Segment Start: Records shown

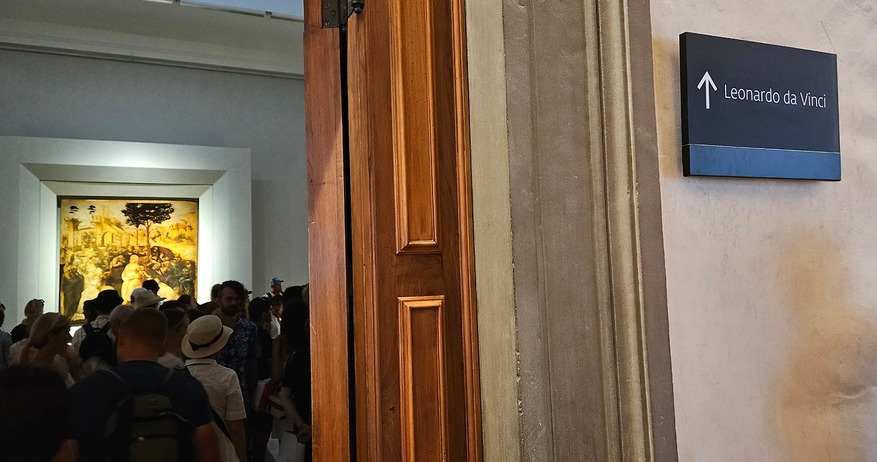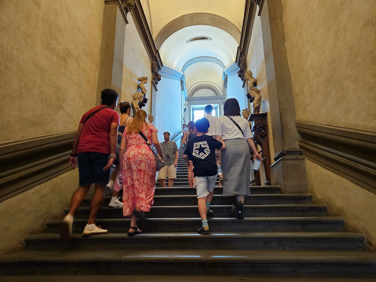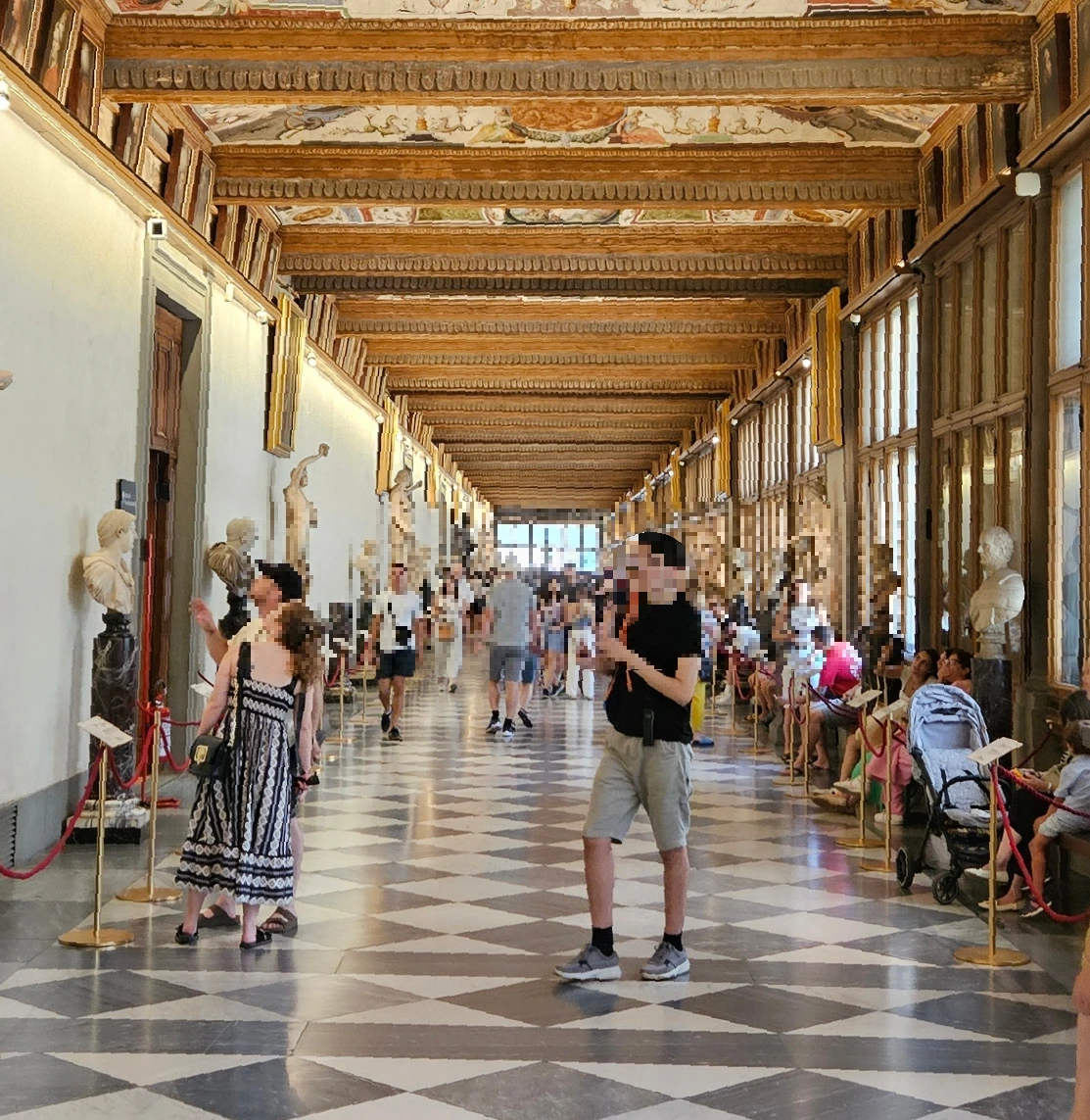 우리 숙소에서 우피치 미술관까지는 정확히 5분 컷이었기에 11시가 조금 넘은 시각에 여유롭게 미술관으로 향했다. 어제 오후에 들렸던 베키오궁을 지나서 바로 앞에 위치한 우피치 미술관 입장하는 곳으로 갔다. 이미 많은 사람들이 입장을 위해 대기하고 있는 상황이었다. 11시 30분 대기라인에 서서 입장을 준비했다. 티켓을 확인하고 간단한 짐 검사 후에 미술관에 입장할 수 있었다.
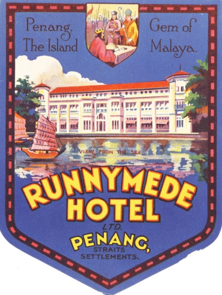The Runnymede Hotel building shown in this label was built in the 1930s and was one of Penang's leading hotels. The building still stands but has been empty and decaying for many years. In 2018 plans were announced to build a new luxury hotel on the site while still preserving the original heritage building. The label shows a picture of King John signing the Magna Carta at the original Runnymede in Surrey, England.
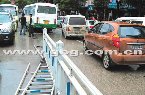 “想提醒駕駛員開慢點,話到嘴邊還沒說出來,車子就撞上了。”據乘坐貴AU5063的90路中巴車乘客蔣先生說,他們的車子從合群路發車出來后,過了公園路與延安路十字路口時,駕駛員一直踩著油門不放。在距離事故現場20多米遠的地方時,駕駛員才看見前面的90路中巴車慢慢開進站。駕駛員踩剎車,往左邊打方向,想避讓,可惜車速太快,慣性太大,滑行20多米后,車頭往中央護欄撞去,車尾往右邊猛甩,撞在貴AU5109中巴車左尾部。車上拉緊扶手的乘客被彈了個來回。一名坐在副駕駛位置上的女乘客,還從破碎的前擋風玻璃處飛了出去。
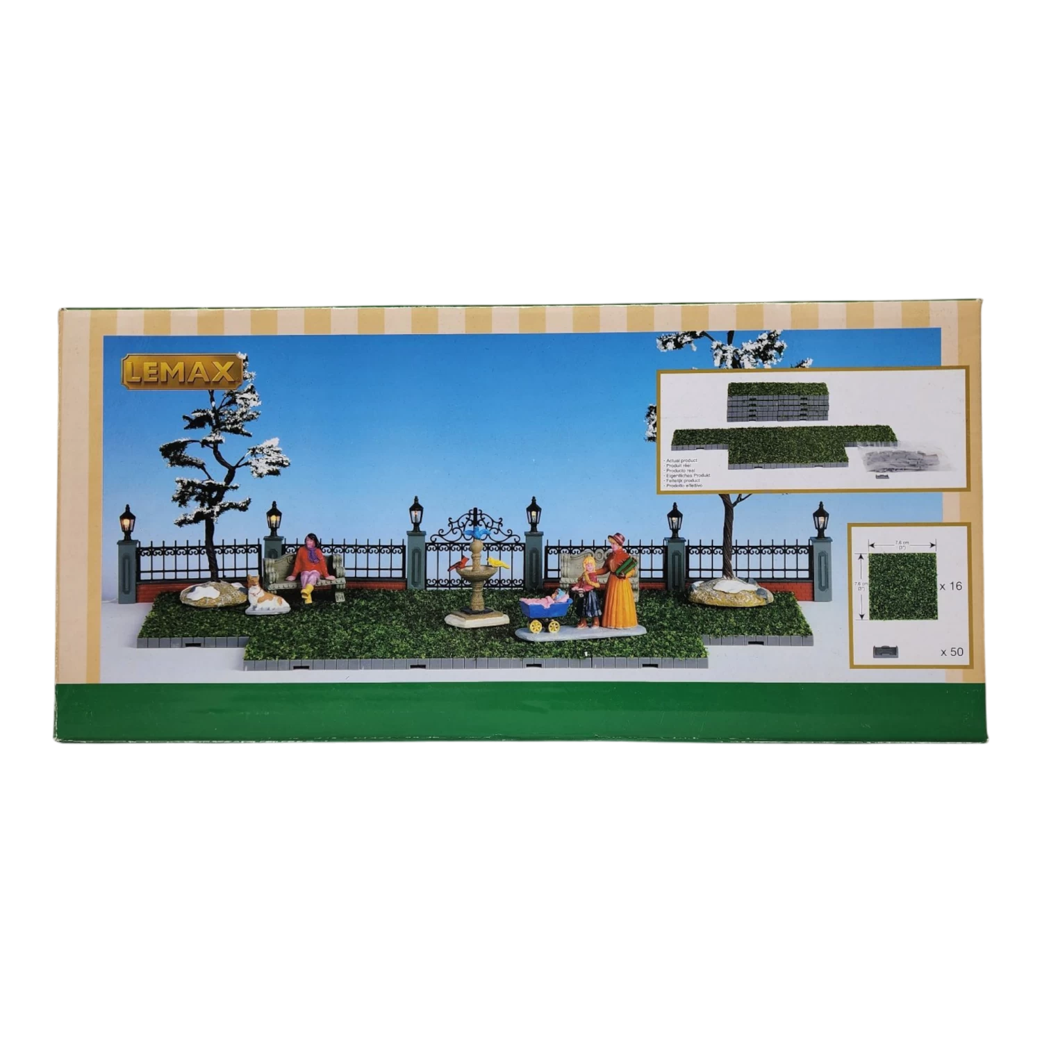 The elaborate grid patterns displayed on the packaging make planning your park design simple and fun, allowing you to mix and match the pieces to create your ideal scene. Imagine families enjoying leisurely strolls, children playing by the fountain, and friends gathering around beautifully designed benches. The detailed greenery and elegant fencing from the accompanying images complement the overall aesthetic, making your village feel warm and inviting. While this set provides all essential components for a lovely park environment, the endless possibilities for adding your personal touch with figurines, decorations, and additional accessories mean you can capture the heartwarming spirit and joy of the holiday season!
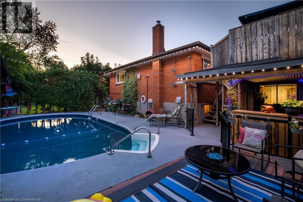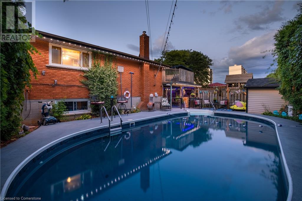 Welcome to 37 Gainsborough Rd, Hamilton! This stunning 4-level backsplit offers a perfect blend of style, comfort, and convenience. Featuring 4 spacious bedrooms and 2 full bathrooms, this home is ideal for growing families or those seeking extra space. The updated kitchen boasts elegant granite countertops, perfect for both casual meals and entertaining. Step outside to your private oasis, featuring a beautiful in-ground pool, a covered patio perfect for outdoor gatherings, and a private infrared sauna. The home is elegantly accented with gemstone lighting surrounding the entire property. The fully equipped in-law suite, with its own separate entrance, includes a full kitchen and cozy family room—ideal for extended family or potential rental income. Recent updates include a new roof (2021), furnace, and A/C (2021), providing peace of mind for years to come. Located just steps from Eastgate Square, bus routes, and with easy access to the QEW, this home is perfectly situated near all amenities. Don’t miss out on this incredible opportunity to own a versatile and well-maintained property in a prime location! (id:55009)
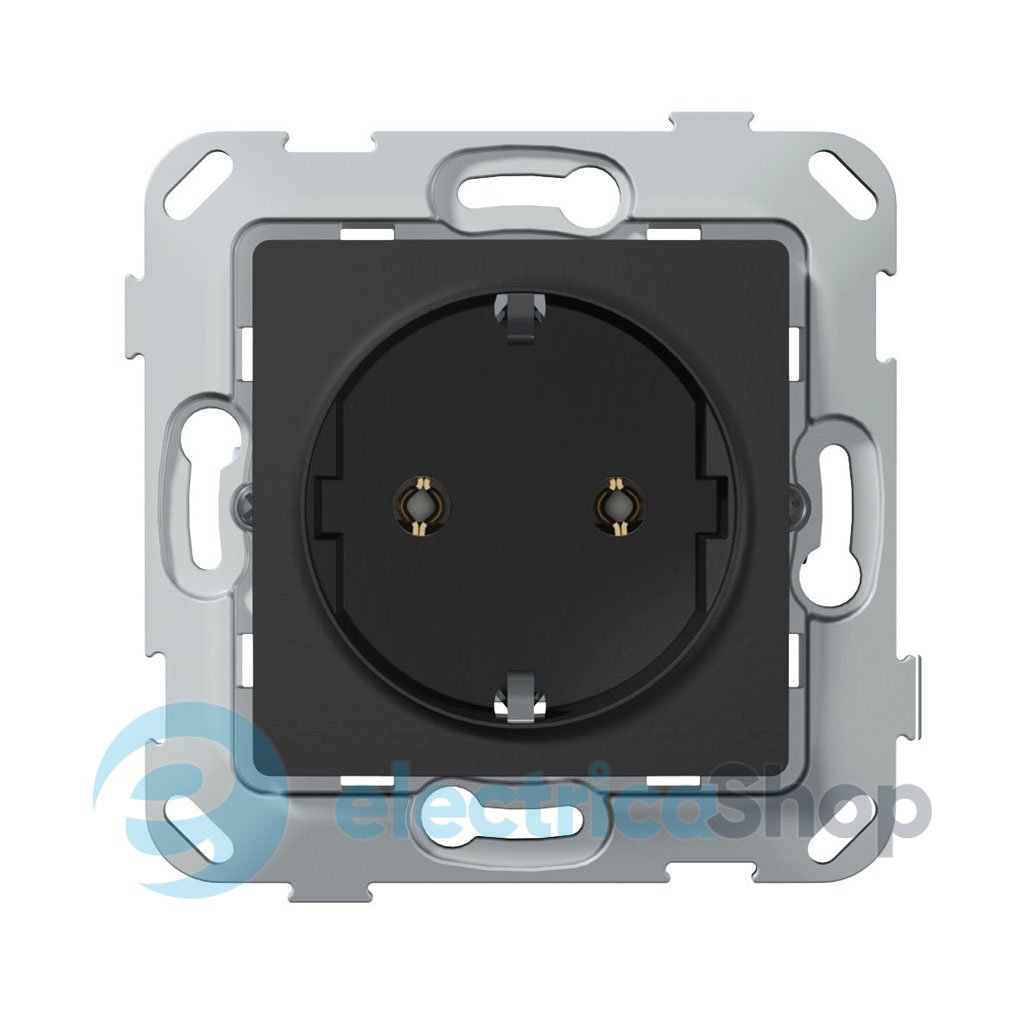 Розетка изготовлена ??в цвете антрацит, с использованием технологии Soft-Touch (Soft-Feel).
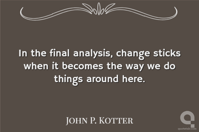 In the final analysis, change sticks when it becomes the way we do things around here.
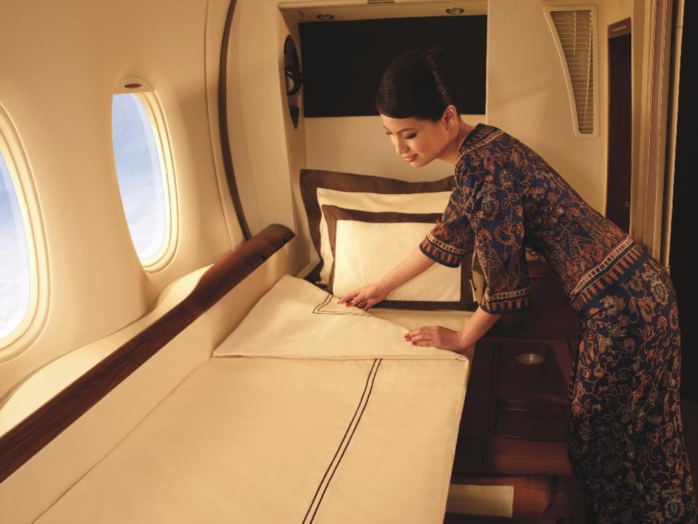 Om du tillhör den lite snÄlare typen kan du istÀllet Äka med Cathay Pacific för bara en kvarts mille. DÄ fÄr du ingen egen sÀng, men en rejÀlt fÀllbar stol och ett eget litet bÄs dÀr du kan dricka gratis champagne och tugga i dig rysk kaviar.
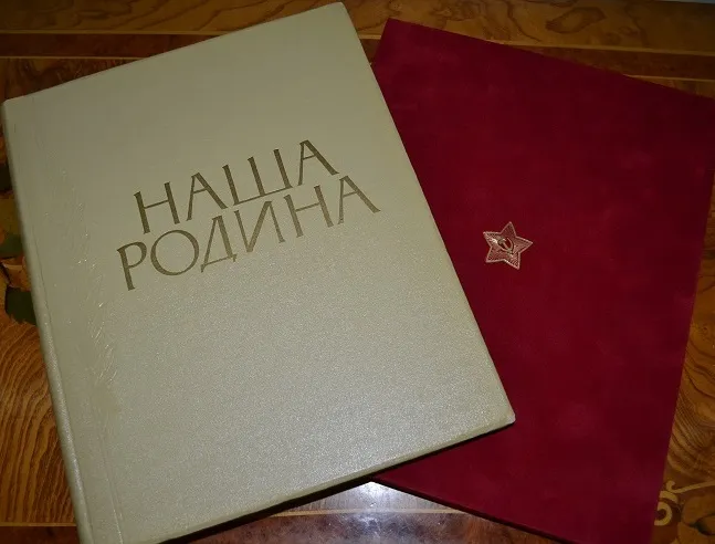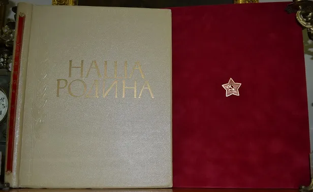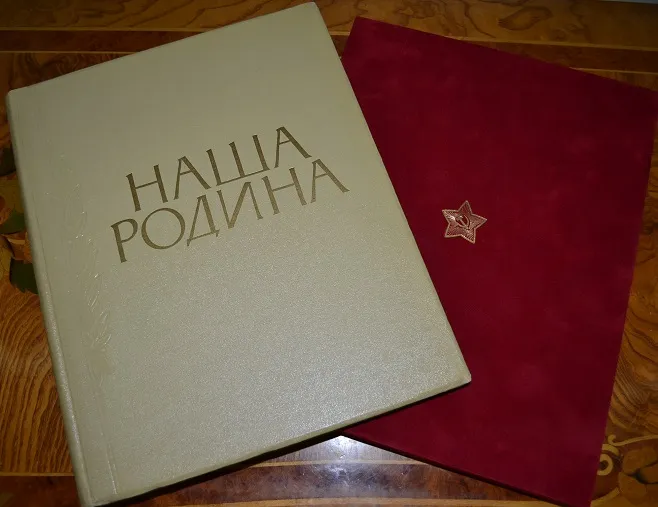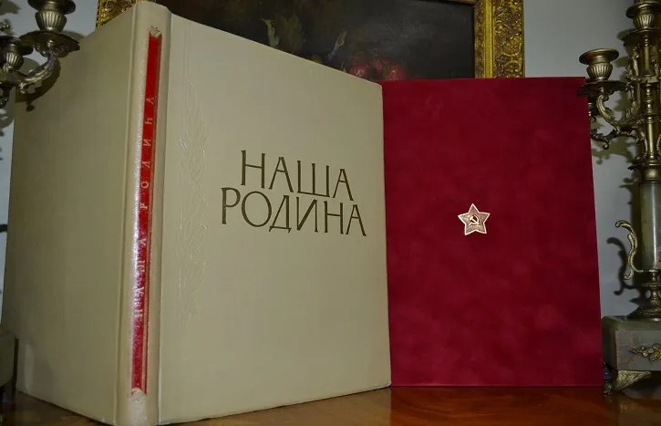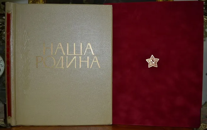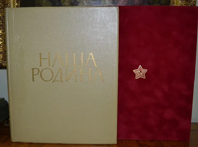 Одно из лучших красочный изданий советской эпохи - больше форматный подарочный альбом «Наша Родина», был впервые издан в 1957г. ограниченным тиражом! Текст издания специально дублирован на трех языках: немецком, французском и английском - показать красоту и величие самого великого государства в мире! В альбоме были собраны фотографии, представившие огромную территорию СССР, природу самых разных уголков страны, многонациональное население и его экономические достижения. Издание было построено так, чтобы показать те изменения, которые произошли в стране через 40 лет после Октябрьской революции!
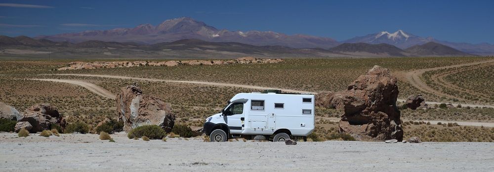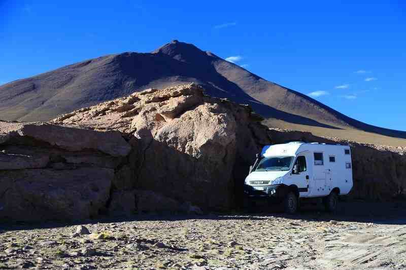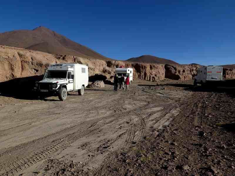 Mais avant nous avons le péage de la "Reserva Nacional de Fauna Andina Eduardo Avaroa", ouf et heureusement que nous avions fait du change à SPA. La Laguna Blanca nous apporte son lot de surprise par sa beauté mais aussi par un groupe de vigognes qui la traverse, c'est magnifique. Plus loin la fameuse Laguna Verde et resplendissante et nous en profitons pour déjeuner face à elle. Bon maintenant il faut monter jusque 5033 mètres sur 80 kilomètres pour faire l'entrée d'Hugo, il va nous falloir pas mal de temps car pas simple à trouver, des pistes partout et pas de pancarte, heureusement Osmand+ est là. On ne comprends pas pourquoi c'est comme cela, pourquoi faire simple, nous avons maintenant notre ticket d'entrée pour la Bolivie et nous nous dirigeons vers la Laguna Colorada où nous devons retrouver nos amis. La piste est très difficile mais les paysages sont grandioses, nul regret de ce côté et nous arrivons à la Laguna pour le bivouac du soir. Nous attendons Richard et Martine sur le bord de la piste et au loin nous voyons un véhicule blanc qui vient vers nous et fait un stop juste devant Hugo. Il s'agit d'un couple français en vadrouille en AmSud et du 51, des rémois aussi nous évoquons nos amis Co et Eric et il se trouve que René et Joëlle sont de très grands amis avec eux, que le monde est petit de se rencontrer sur une piste si loin de tout. Nous papotons un bon moment et voyons arriver nos autres amis, présentations et nous voici partis tous les six vers le bivouac du soir, belle aventure. Le seul hic c'est que je suis très malade avec l'altitude, je prends du Diamox depuis hier mais nous sommes montés de 3100 mètres dans la journée et cela ne pardonne pas, la nuit va être difficile.
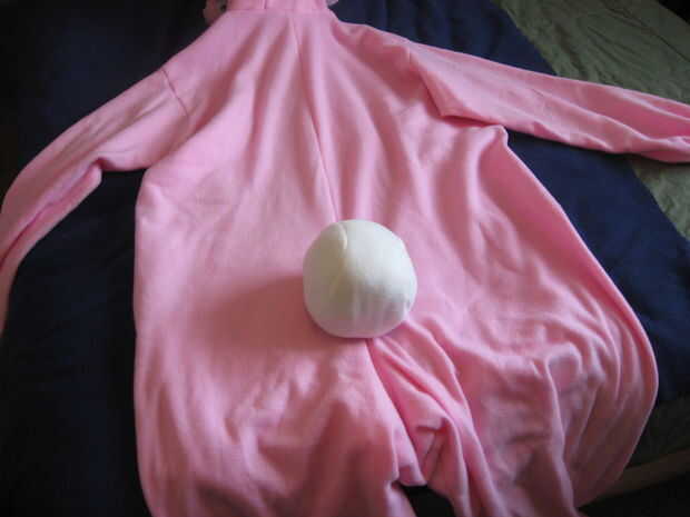 Se hizo una cola blanca esponjosa y cubrió a seguridad en el lugar.  (Es removible en caso de que necesite sentarse.)
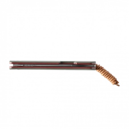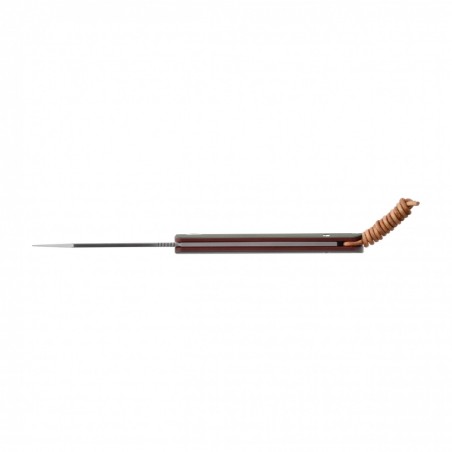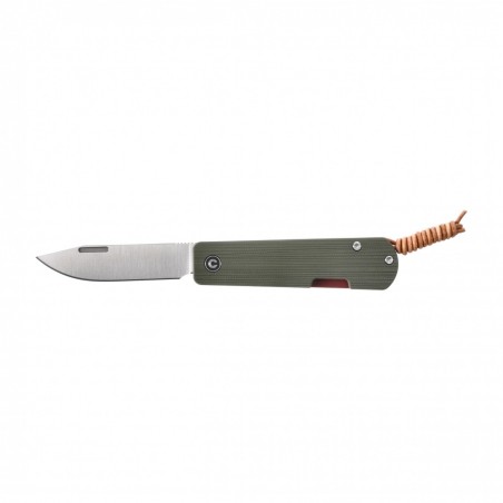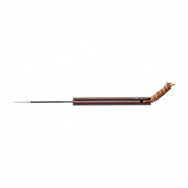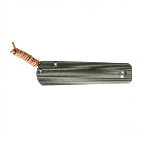 W nożu zastosowano okładziny rękojeści z tworzywa G10. Jest to wytrzymały i lekki kompozyt wykonany z laminatu szklano-epoksydowego. Charakteryzuje się wysoką odpornością na wilgoć, chemikalia i ekstremalne temperatury. Dodatkowo teksturowana powierzchnia przekłada się na pewny chwyt, co dodatkowo zwiększa kontrolę nad nożem podczas użytkowania. Na końcu rękojeści znajduje się otwór na paracord lub smycz.

Segment End: Records shown

▶ _Exercise prompt_: An exact copy is needed of the entries above, starting at the line that holds "Welcome to 37" and stopping at the line that holds "Одно из лучших", both kept; pictures stay out.

▶ _Solution for this exercise_:
 Welcome to 37 Gainsborough Rd, Hamilton! This stunning 4-level backsplit offers a perfect blend of style, comfort, and convenience. Featuring 4 spacious bedrooms and 2 full bathrooms, this home is ideal for growing families or those seeking extra space. The updated kitchen boasts elegant granite countertops, perfect for both casual meals and entertaining. Step outside to your private oasis, featuring a beautiful in-ground pool, a covered patio perfect for outdoor gatherings, and a private infrared sauna. The home is elegantly accented with gemstone lighting surrounding the entire property. The fully equipped in-law suite, with its own separate entrance, includes a full kitchen and cozy family room—ideal for extended family or potential rental income. Recent updates include a new roof (2021), furnace, and A/C (2021), providing peace of mind for years to come. Located just steps from Eastgate Square, bus routes, and with easy access to the QEW, this home is perfectly situated near all amenities. Don’t miss out on this incredible opportunity to own a versatile and well-maintained property in a prime location! (id:55009)
 Розетка изготовлена ??в цвете антрацит, с использованием технологии Soft-Touch (Soft-Feel).
 In the final analysis, change sticks when it becomes the way we do things around here.
 Om du tillhör den lite snÄlare typen kan du istÀllet Äka med Cathay Pacific för bara en kvarts mille. DÄ fÄr du ingen egen sÀng, men en rejÀlt fÀllbar stol och ett eget litet bÄs dÀr du kan dricka gratis champagne och tugga i dig rysk kaviar.
 Одно из лучших красочный изданий советской эпохи - больше форматный подарочный альбом «Наша Родина», был впервые издан в 1957г. ограниченным тиражом! Текст издания специально дублирован на трех языках: немецком, французском и английском - показать красоту и величие самого великого государства в мире! В альбоме были собраны фотографии, представившие огромную территорию СССР, природу самых разных уголков страны, многонациональное население и его экономические достижения. Издание было построено так, чтобы показать те изменения, которые произошли в стране через 40 лет после Октябрьской революции!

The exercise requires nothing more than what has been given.